# TASK
The answer must be an exact copy of the lines from the one containing "操作建议:空单:79.7-79.8美元/桶 止损80.2美元/桶之上 止盈78-78.1美元/桶" through the last line of the records, with the pictures left out.

# PROVIDED ENTRIES

********************

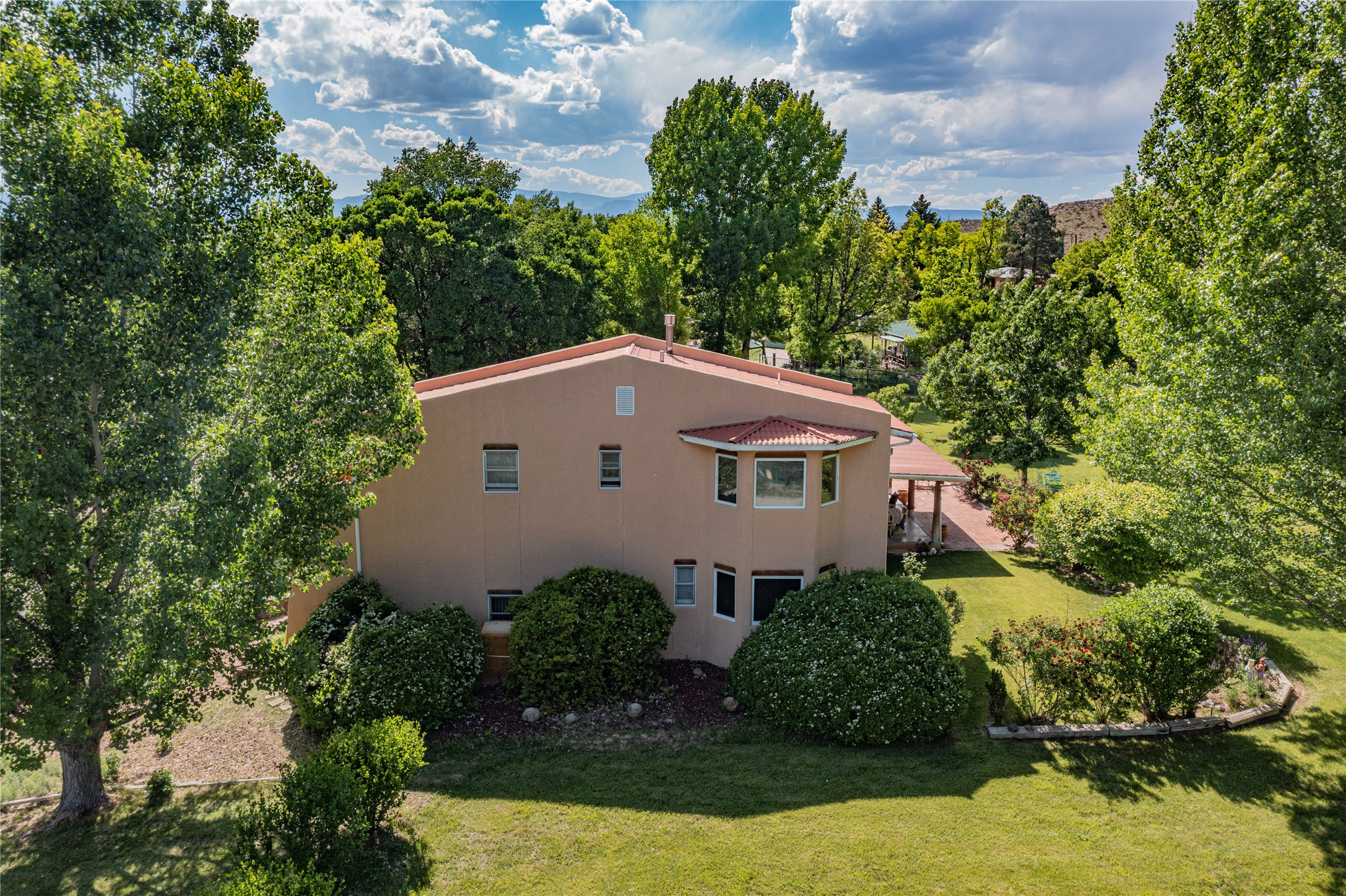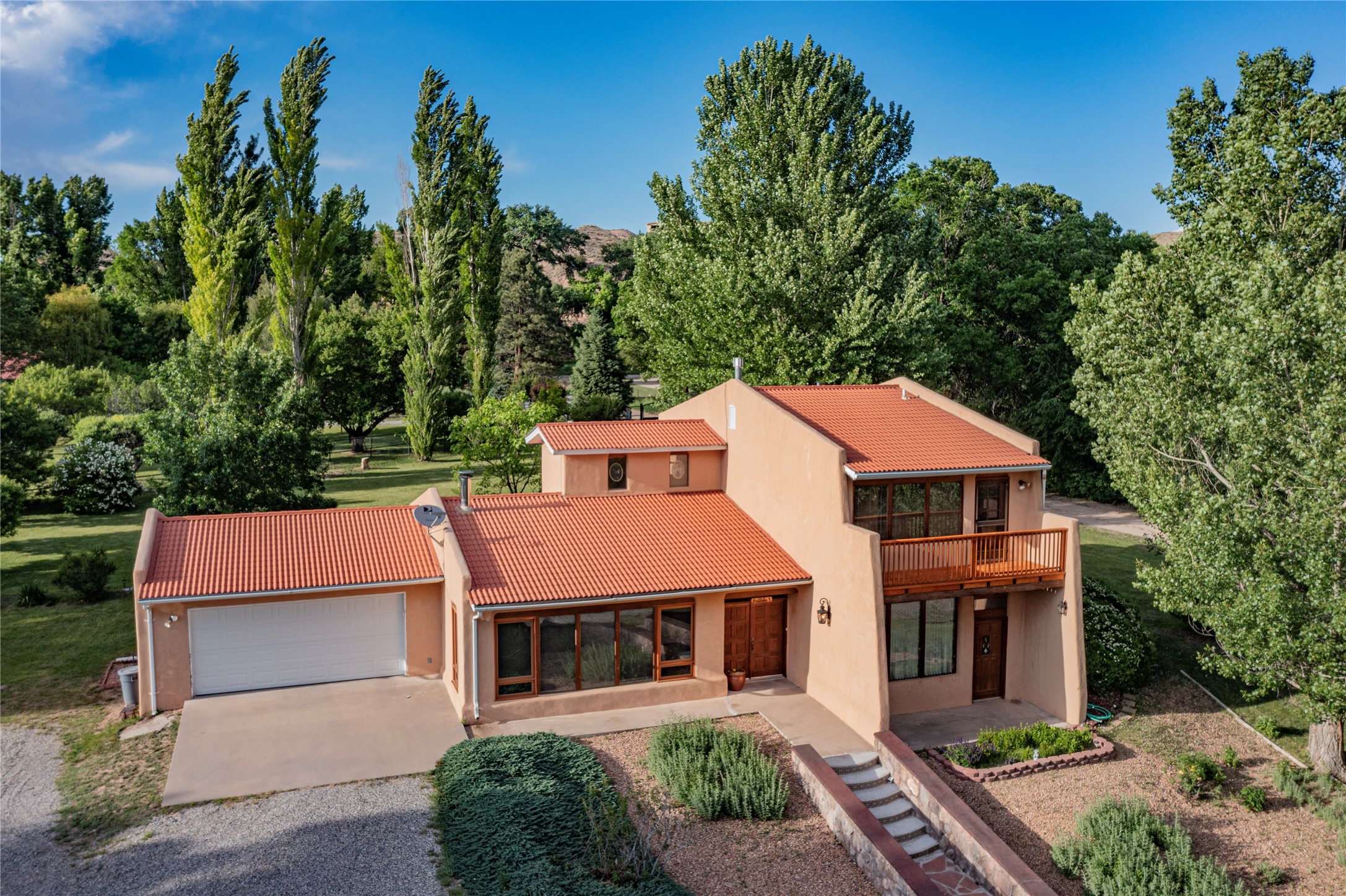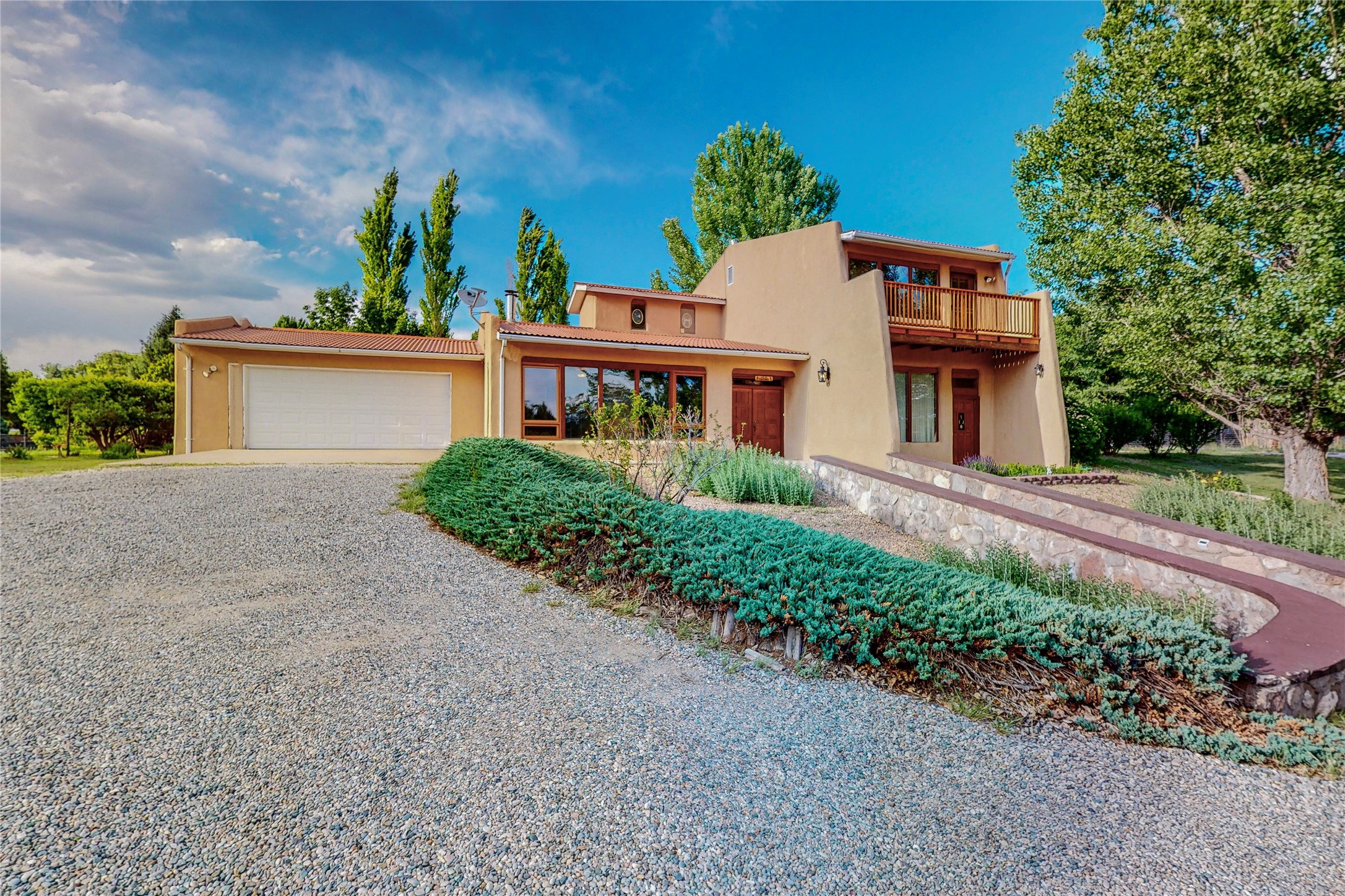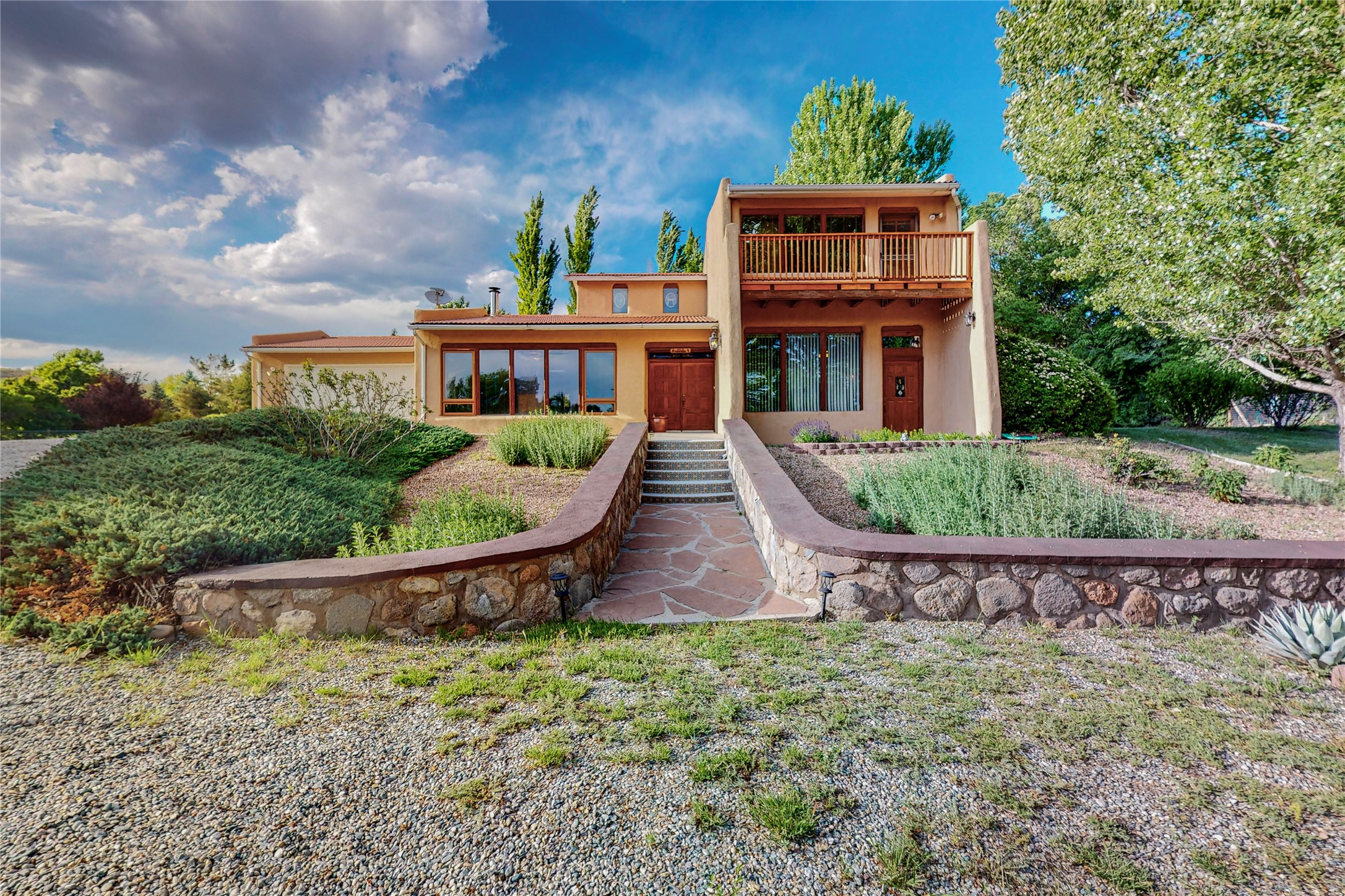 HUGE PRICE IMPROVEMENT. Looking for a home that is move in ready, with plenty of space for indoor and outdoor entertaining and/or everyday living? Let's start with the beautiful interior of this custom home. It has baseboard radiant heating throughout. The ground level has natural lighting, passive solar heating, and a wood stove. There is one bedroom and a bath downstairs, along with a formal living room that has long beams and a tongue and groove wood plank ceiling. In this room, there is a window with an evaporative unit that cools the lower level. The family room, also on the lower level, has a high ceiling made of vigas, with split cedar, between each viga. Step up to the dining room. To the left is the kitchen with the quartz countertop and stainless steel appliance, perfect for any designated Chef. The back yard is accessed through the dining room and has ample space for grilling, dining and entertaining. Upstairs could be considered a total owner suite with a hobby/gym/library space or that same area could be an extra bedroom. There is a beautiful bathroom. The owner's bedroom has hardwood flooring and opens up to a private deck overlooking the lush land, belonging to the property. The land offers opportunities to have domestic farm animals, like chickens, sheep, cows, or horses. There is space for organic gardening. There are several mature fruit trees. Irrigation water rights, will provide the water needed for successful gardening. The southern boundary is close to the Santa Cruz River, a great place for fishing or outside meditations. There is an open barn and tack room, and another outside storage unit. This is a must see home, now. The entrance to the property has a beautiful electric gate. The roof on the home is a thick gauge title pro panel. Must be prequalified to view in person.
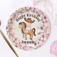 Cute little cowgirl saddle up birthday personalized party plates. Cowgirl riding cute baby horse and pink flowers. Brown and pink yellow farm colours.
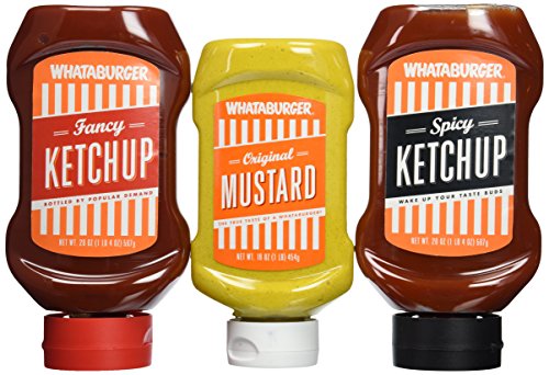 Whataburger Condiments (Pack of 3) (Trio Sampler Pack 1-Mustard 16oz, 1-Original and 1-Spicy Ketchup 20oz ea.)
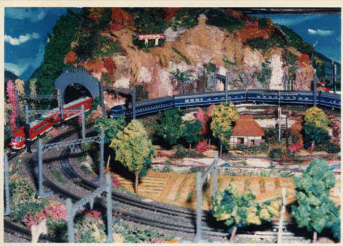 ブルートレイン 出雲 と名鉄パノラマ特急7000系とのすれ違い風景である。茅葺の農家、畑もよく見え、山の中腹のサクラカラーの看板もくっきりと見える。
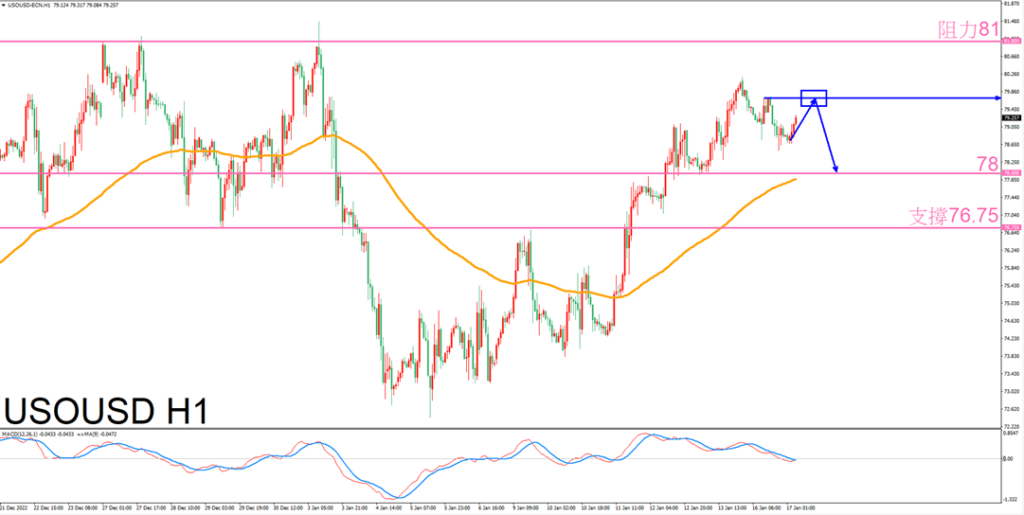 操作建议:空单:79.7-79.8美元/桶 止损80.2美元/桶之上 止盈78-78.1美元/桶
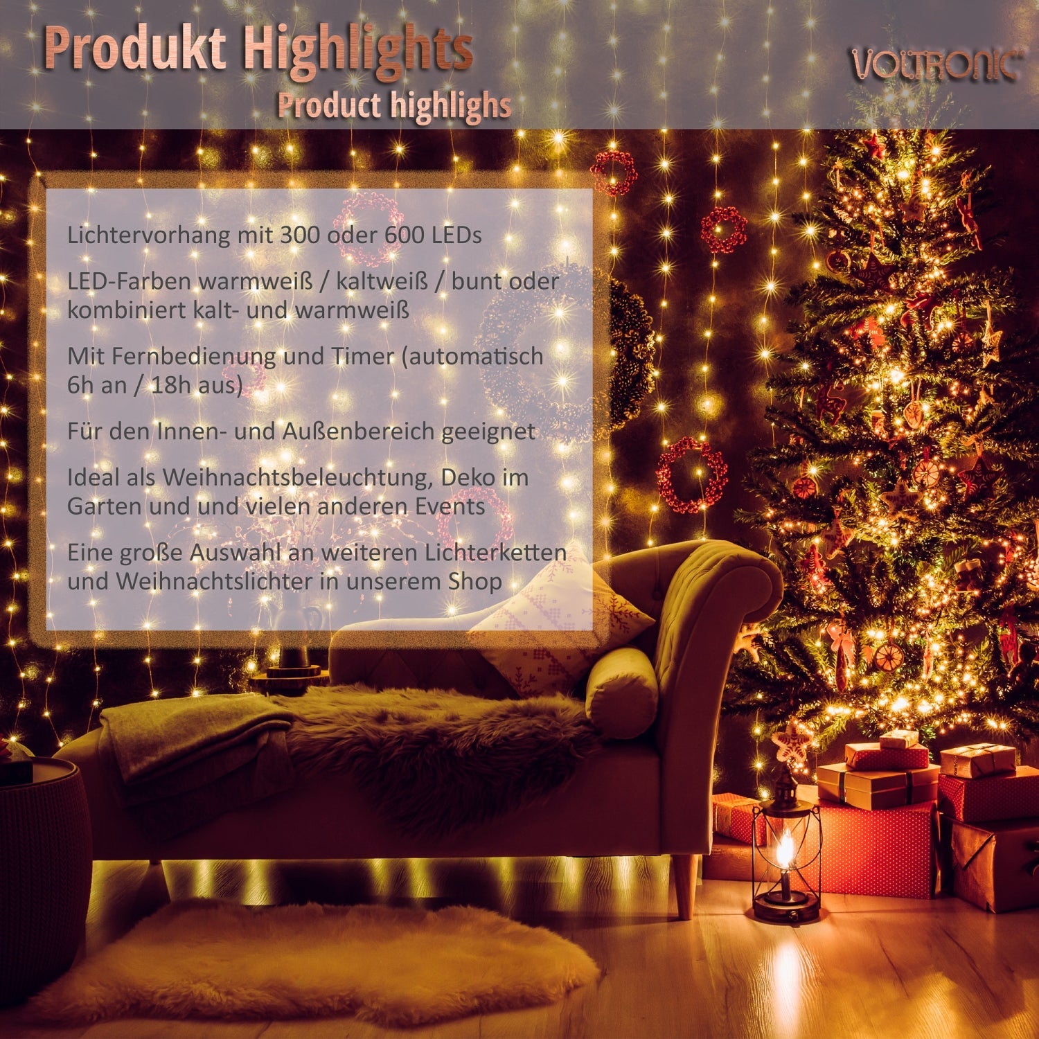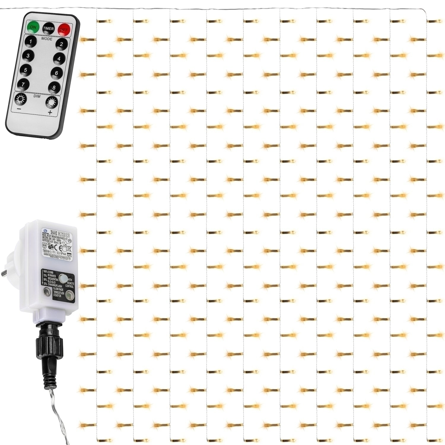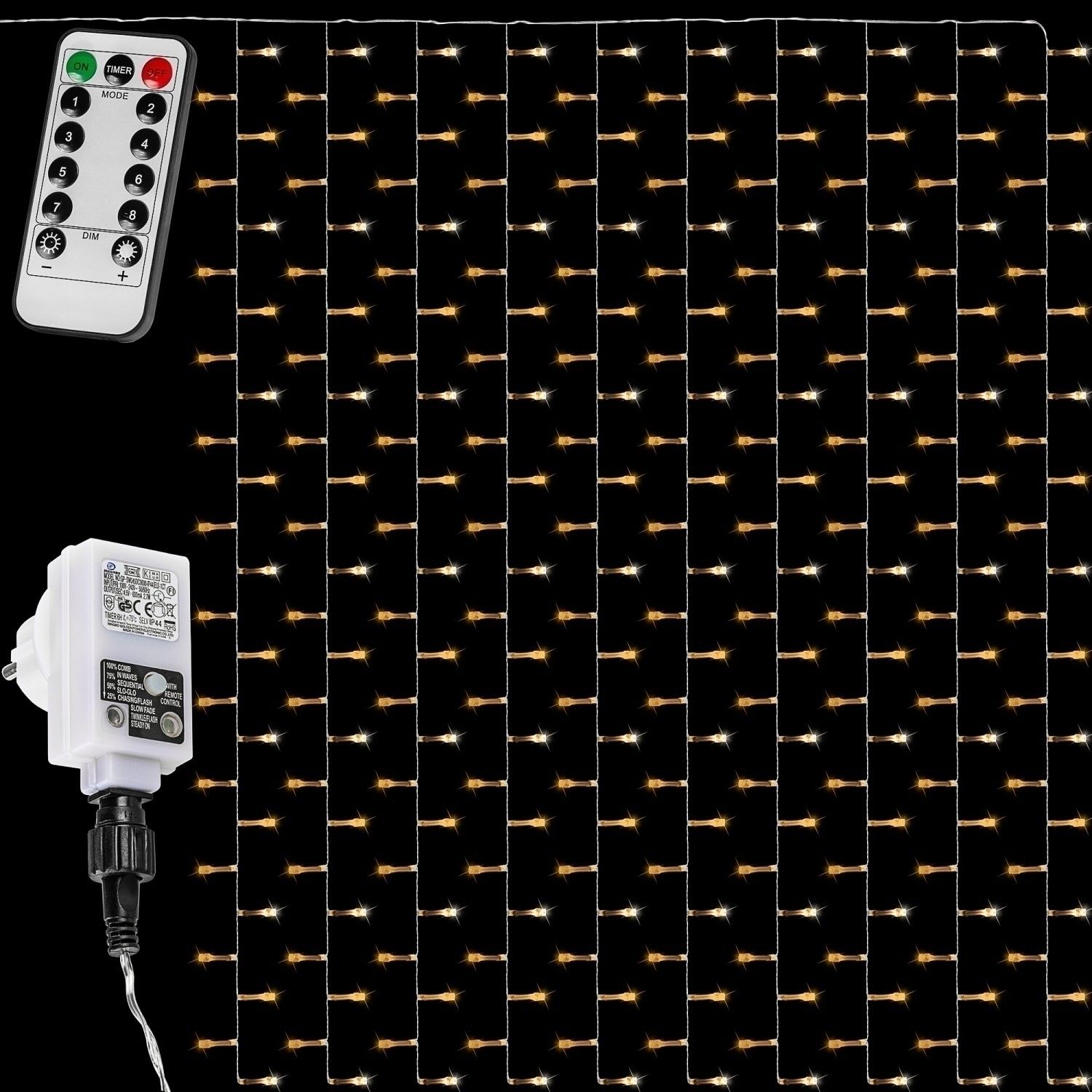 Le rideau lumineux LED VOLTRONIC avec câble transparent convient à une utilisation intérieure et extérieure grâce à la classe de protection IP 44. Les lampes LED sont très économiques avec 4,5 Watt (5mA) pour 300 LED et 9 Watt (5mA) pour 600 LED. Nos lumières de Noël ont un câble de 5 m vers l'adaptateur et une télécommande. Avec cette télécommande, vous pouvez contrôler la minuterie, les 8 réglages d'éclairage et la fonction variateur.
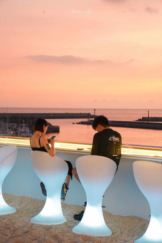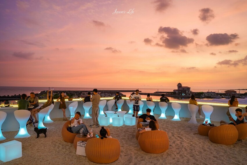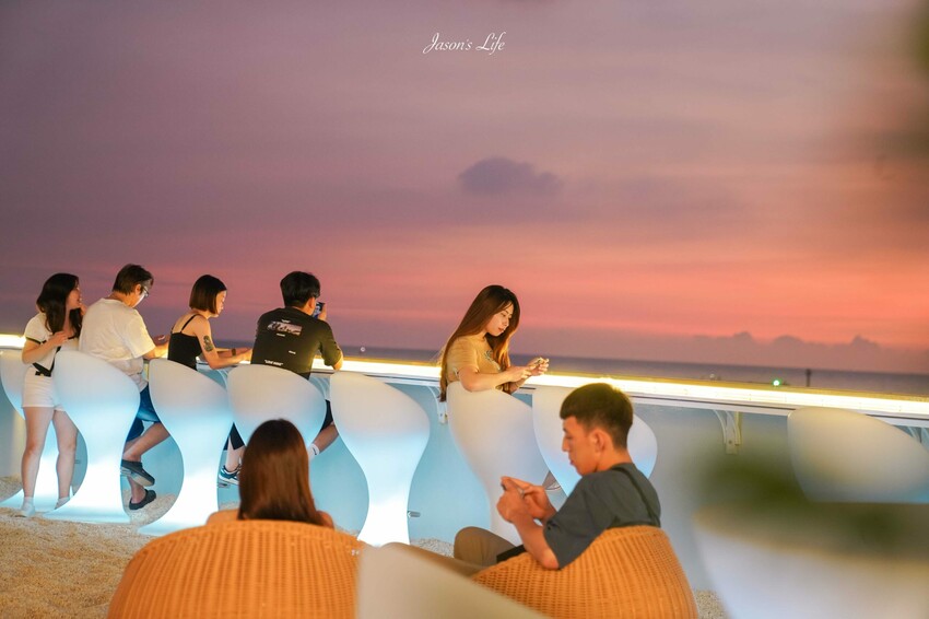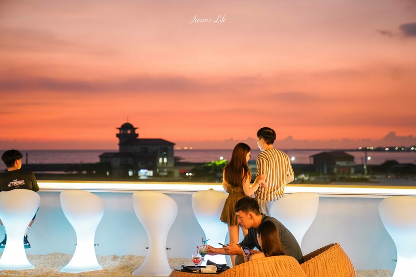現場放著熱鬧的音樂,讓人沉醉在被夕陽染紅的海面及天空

********************

# SOLUTION FOR THIS PROBLEM
 操作建议:空单:79.7-79.8美元/桶 止损80.2美元/桶之上 止盈78-78.1美元/桶
 Le rideau lumineux LED VOLTRONIC avec câble transparent convient à une utilisation intérieure et extérieure grâce à la classe de protection IP 44. Les lampes LED sont très économiques avec 4,5 Watt (5mA) pour 300 LED et 9 Watt (5mA) pour 600 LED. Nos lumières de Noël ont un câble de 5 m vers l'adaptateur et une télécommande. Avec cette télécommande, vous pouvez contrôler la minuterie, les 8 réglages d'éclairage et la fonction variateur.
現場放著熱鬧的音樂,讓人沉醉在被夕陽染紅的海面及天空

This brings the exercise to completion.